Impact of weather events in the US
Synopsis
Using the U.S. National Oceanic and Atmospheric Administration’s (NOAA) storm database I explore which weather events are most harmful to population health and economy in the US.
Regarding the population health, the most frequent events are usually the most harmful ones such as tornadoes, floods, thunderstorm winds, hurricanes and lightnings. An exception is the excessive heat event which is the 20th most frequent, but the deadliest with 88 deaths per year on average during the 2000-2011 period. Regarding the economy, the most frequent events are not necessarily the most harmful. The first four most harmful economically events are hydro-meteorological events such as floods, hail, storms, hurricanes.

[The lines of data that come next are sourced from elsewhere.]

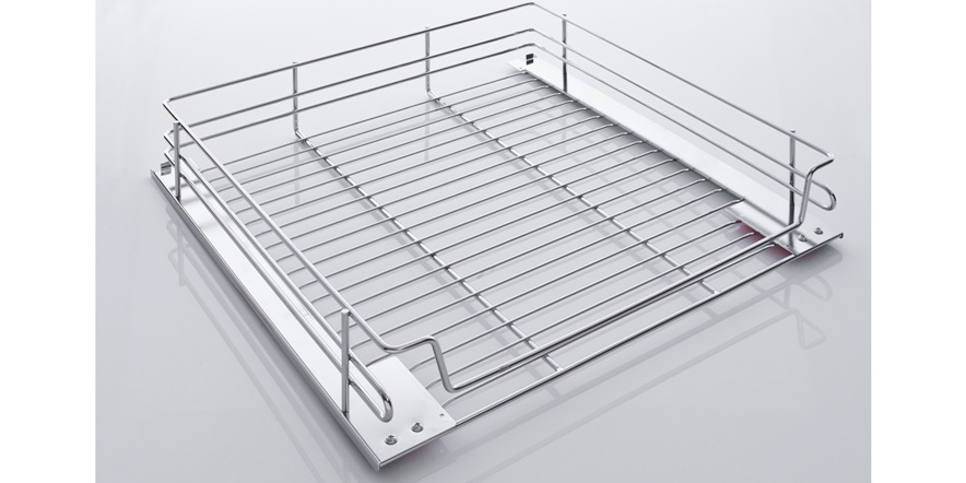 Provedení koše s drátěným dnem. Na připevnění koše do skříně jsou nutné výsuvy označené VK.BLUM.480 s tlumením nebo VK.HETTICH.480.T s tlumením, které nejsou součástí výrobku a objednávají se samostatně.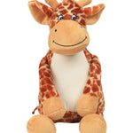 Soft plush zippie giraffe. Contrast hooves, nose and horns. Sewn eyes and mouth. Contrast mane and tail. White panel on tummy perfect for decoration. Zip access on base for direct access onto the tummy for decoration. Removable inner stuffing. Can be embroidered, printed and sublimation printed. Complies with EN71 European Toy Safety regulations. Remove all hang tags and their fasteners before giving these items to a child. Suitable for all ages. BSCI certified. SEDEX certified.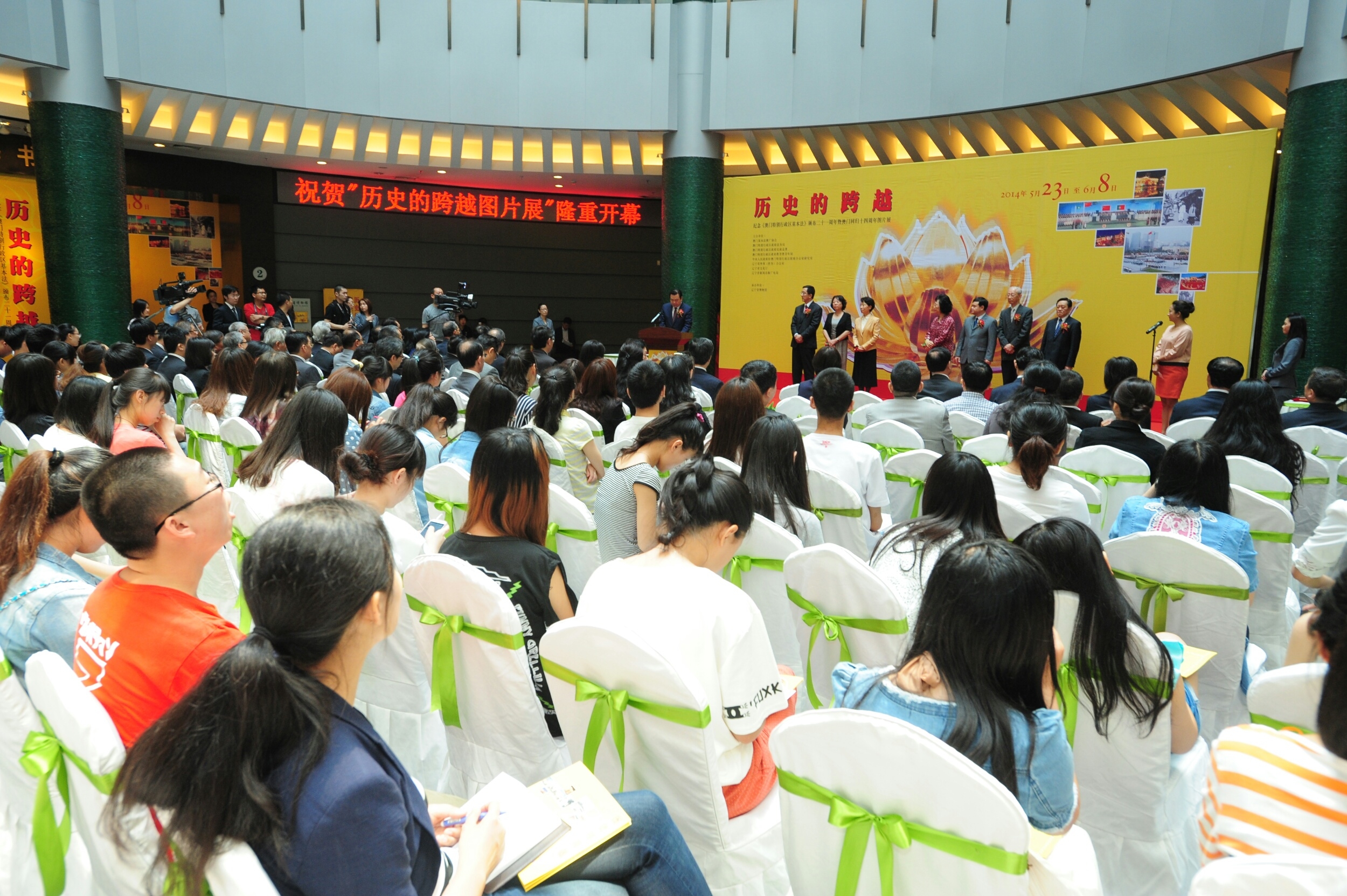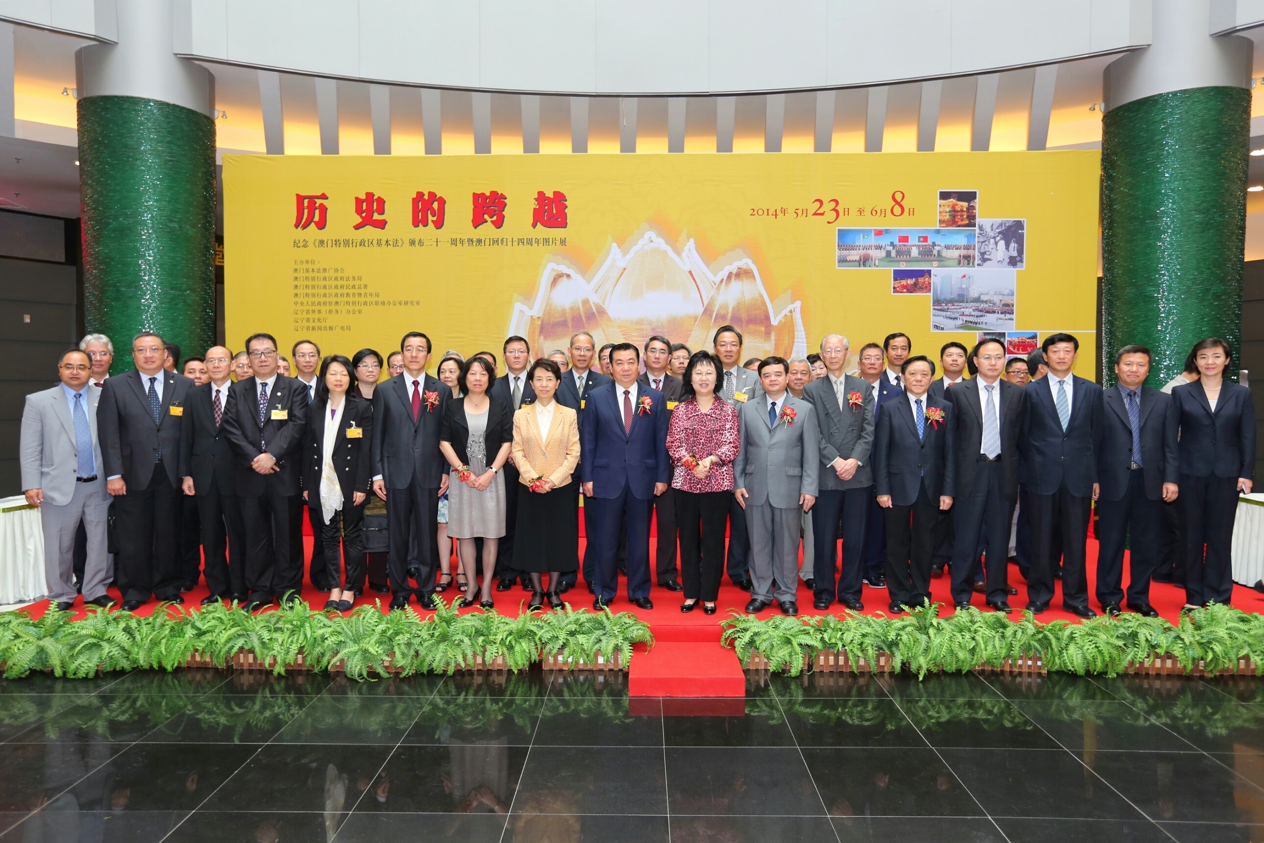 Os representantes de Macau que presidiram à cerimónia de inauguração da exposição de fotografias foram: a Secretária para a Administração e Justiça da RAEM, Florinda Chan, o Subdirector do Departamento de Estudo do Gabinete de Ligação do Governo Popular Central na RAEM, Hou Hong, e os Vice-Presidentes da Associação de Divulgação da Lei Básica de Macau, Ieong Wan Chong e Lai Chan Keong. Os representantes da província de Liaoning foram: o Vice-Governador do Governo Popular da Província de Liaoning, Bing Zhigang, o Vice-Presidente do Conselho Consultivo Político da Província de Liaoning, Gao Peng, o Vice-Presidente do Conselho Consultivo Político da Cidade de Shenyang, Han Xiaoyan, e o Subdirector do Gabinete para os Assuntos Externos (Assuntos dos Chineses no Estrangeiro) da Província de Liaoning, Sun Dagang.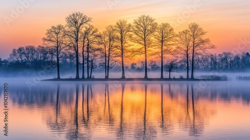 © elimicel, Obraz premium Serene sunset over a lake with silhouetted trees reflecting in calm waters.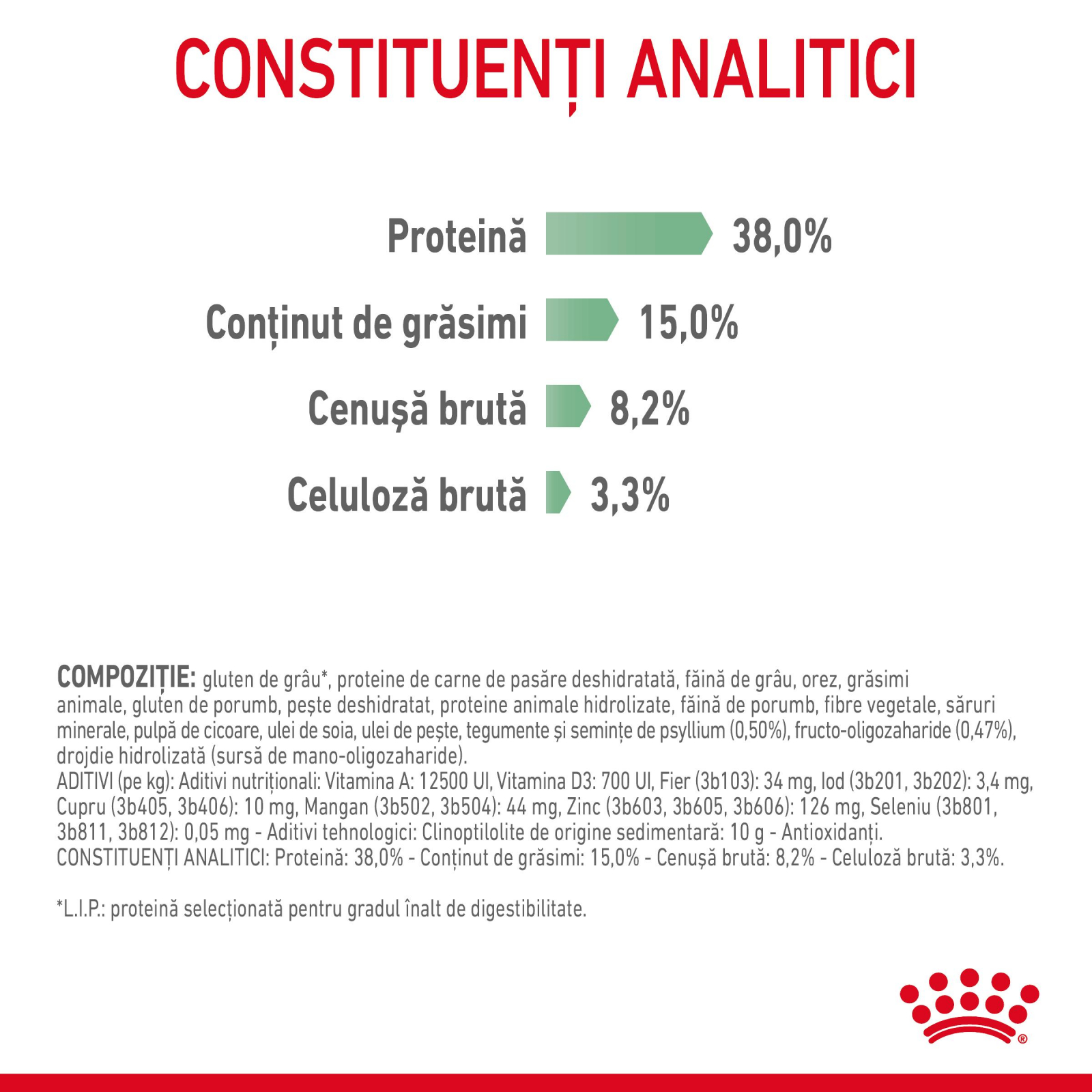 Gluten de grâu*, proteine de carne de pasăre deshidratată, făină de grâu, orez, grăsimi animale, gluten de porumb, peşte deshidratat, proteine animale hidrolizate, făină de porumb, fibre vegetale, săruri minerale, pulpă de cicoare, ulei de soia, ulei de peşte, tegumente şi seminţe de psyllium (0.5%), fructo-oligozaharide (0.47%), drojdie hidrolizată (sursă de mano-oligozaharide).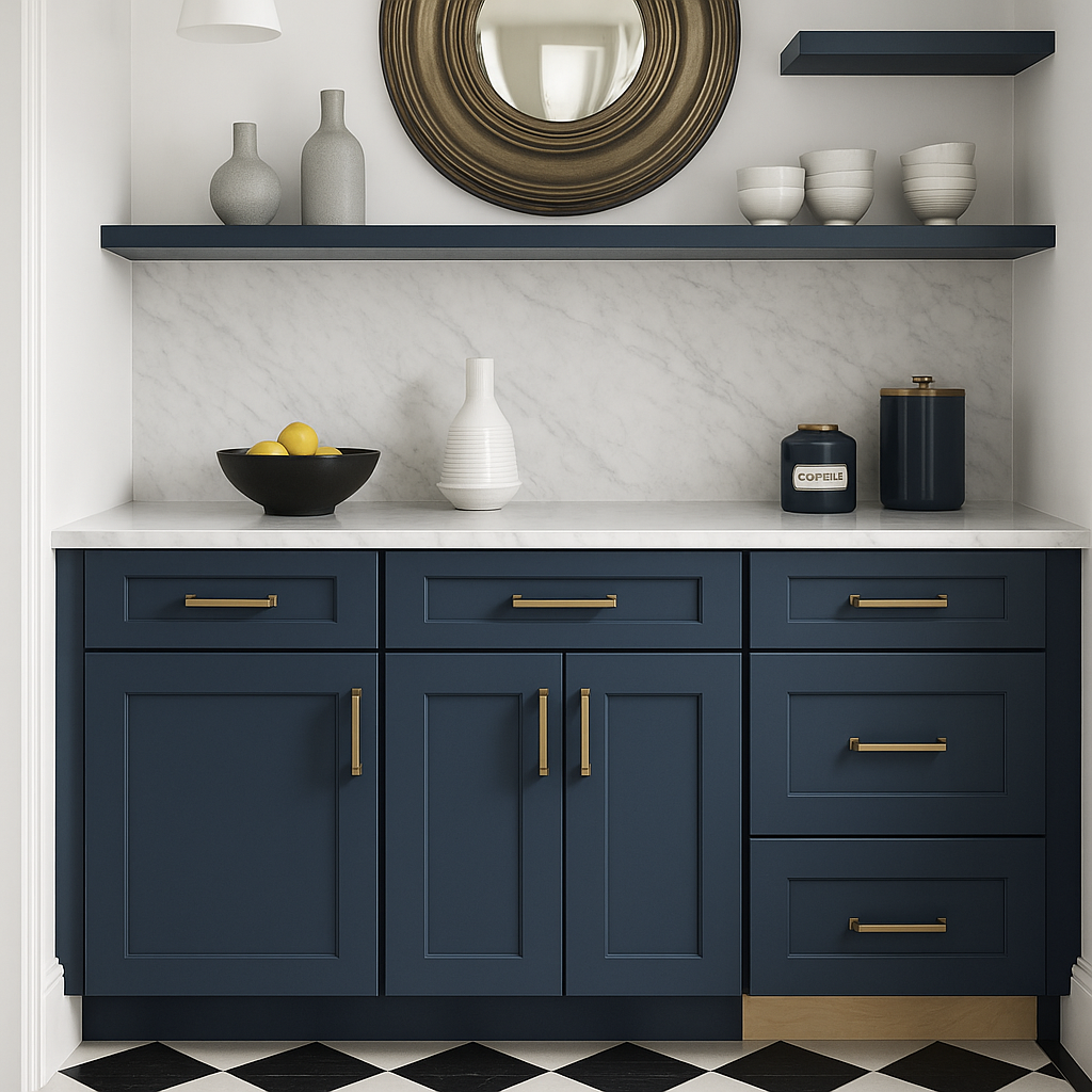 - Elegant Design: Valencia Blue thermofoil finish with contrasting white back panel.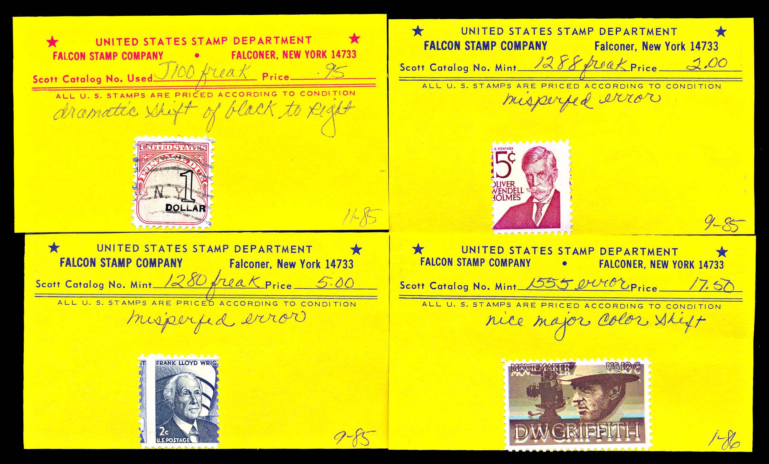 stamp error lot, ND (1960s+) 4 stamps with different errors, unused but pasted

During 2000-2011 damage done to property was 14 times greater than the damage done to crops.Below is a detailed analysis.
Data processing
I start with downloading the data, unzipping it, and reading it in.
if(!file.exists("data.csv")) {
if(!file.exists("data.bz2")){
#Download
url<-"https://d396qusza40orc.cloudfront.net/repdata%2Fdata%2FStormData.csv.bz2"
download.file(url,"data.bz2",method="curl")
}
# Unzip
zz <- readLines(gzfile("data.bz2"))
zz <- iconv(zz, "latin1", "ASCII", sub="")
writeLines(zz, "data.csv")
rm(zz)
}
## Read data in
data<-read.csv("data.csv", sep=",", quote = "\"", header=TRUE)
The data set has 902297 observations and 37 variables (columns). Below are the first six rows of the first 5 columns of the data set I am working with as well as the names of all columns.
head(data[,1:5])
## STATE__ BGN_DATE BGN_TIME TIME_ZONE COUNTY
## 1 1 4/18/1950 0:00:00 0130 CST 97
## 2 1 4/18/1950 0:00:00 0145 CST 3
## 3 1 2/20/1951 0:00:00 1600 CST 57
## 4 1 6/8/1951 0:00:00 0900 CST 89
## 5 1 11/15/1951 0:00:00 1500 CST 43
## 6 1 11/15/1951 0:00:00 2000 CST 77
names(data)
## [1] "STATE__" "BGN_DATE" "BGN_TIME" "TIME_ZONE" "COUNTY"
## [6] "COUNTYNAME" "STATE" "EVTYPE" "BGN_RANGE" "BGN_AZI"
## [11] "BGN_LOCATI" "END_DATE" "END_TIME" "COUNTY_END" "COUNTYENDN"
## [16] "END_RANGE" "END_AZI" "END_LOCATI" "LENGTH" "WIDTH"
## [21] "F" "MAG" "FATALITIES" "INJURIES" "PROPDMG"
## [26] "PROPDMGEXP" "CROPDMG" "CROPDMGEXP" "WFO" "STATEOFFIC"
## [31] "ZONENAMES" "LATITUDE" "LONGITUDE" "LATITUDE_E" "LONGITUDE_"
## [36] "REMARKS" "REFNUM"
For my analysis I needed to extract the year information from the BGN_DATE
column.
# Add a new year column to the dataset
data<-data.frame(Year=format(as.Date(data$BGN_DATE,format="%m/%d/%Y"),"%Y"),data)
head(data[,1:5])
## Year STATE__ BGN_DATE BGN_TIME TIME_ZONE
## 1 1950 1 4/18/1950 0:00:00 0130 CST
## 2 1950 1 4/18/1950 0:00:00 0145 CST
## 3 1951 1 2/20/1951 0:00:00 1600 CST
## 4 1951 1 6/8/1951 0:00:00 0900 CST
## 5 1951 1 11/15/1951 0:00:00 1500 CST
## 6 1951 1 11/15/1951 0:00:00 2000 CST
After looking at the most frequent events I noticed duplicates THUNDERSTORM WIND, THUNDERSTORM WINDS, TSTM WIND, MARINE TSTM WIND. These are the same thing, so I replaced them with TSTM WIND.
# Replace duplicate THUDNDERSTORM WIND, etc. with TTSM WIND
data$EVTYPE = sapply(data$EVTYPE,function(x) gsub("THUNDERSTORM WINDS|MARINE TSTM WIND|THUNDERSTORM WIND","TSTM WIND",x))
The data set has scaling factors for two variables which are needed for analysis. Namely, property damage PROPDMG
and crop damage CROPDMG
. They have corresponding scaling columns PROPDMGEXP
and CROPDMGEXP
. The scaling columns contain information about how to scale the values in the columns PROPDMG
and CROPDMG
. For example, a value in the PROPDMG
column that has a scaling factor “k” in the PROPDMGEXP
column should be multiplied by $10^3$. I use the following scheme for the scaling factors.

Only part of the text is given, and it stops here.